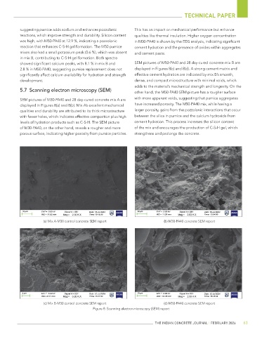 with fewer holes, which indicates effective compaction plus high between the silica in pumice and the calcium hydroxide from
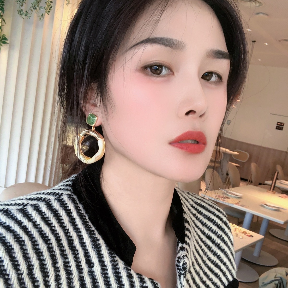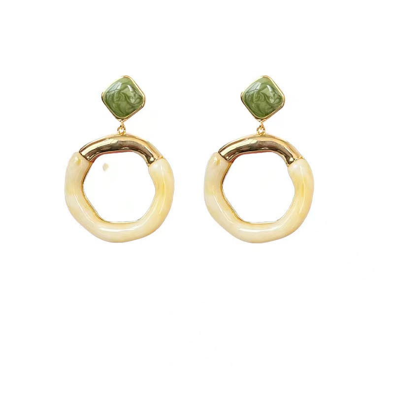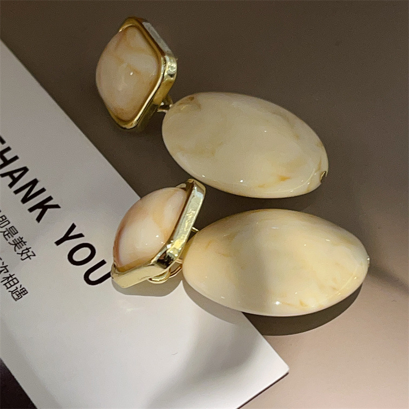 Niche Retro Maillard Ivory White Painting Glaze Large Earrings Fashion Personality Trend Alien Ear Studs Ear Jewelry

◆ ◆ ◆

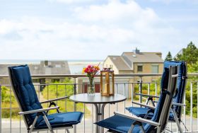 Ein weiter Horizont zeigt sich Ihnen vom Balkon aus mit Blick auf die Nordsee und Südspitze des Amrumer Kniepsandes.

◆ ◆ ◆

- **What you need to do**
Nothing except the lines from the one containing "with fewer holes, which" through the one containing "Niche Retro Maillard" should appear in the answer, exactly as above and without pictures.

- **Written solution**
 with fewer holes, which indicates effective compaction plus high between the silica in pumice and the calcium hydroxide from
 Niche Retro Maillard Ivory White Painting Glaze Large Earrings Fashion Personality Trend Alien Ear Studs Ear Jewelry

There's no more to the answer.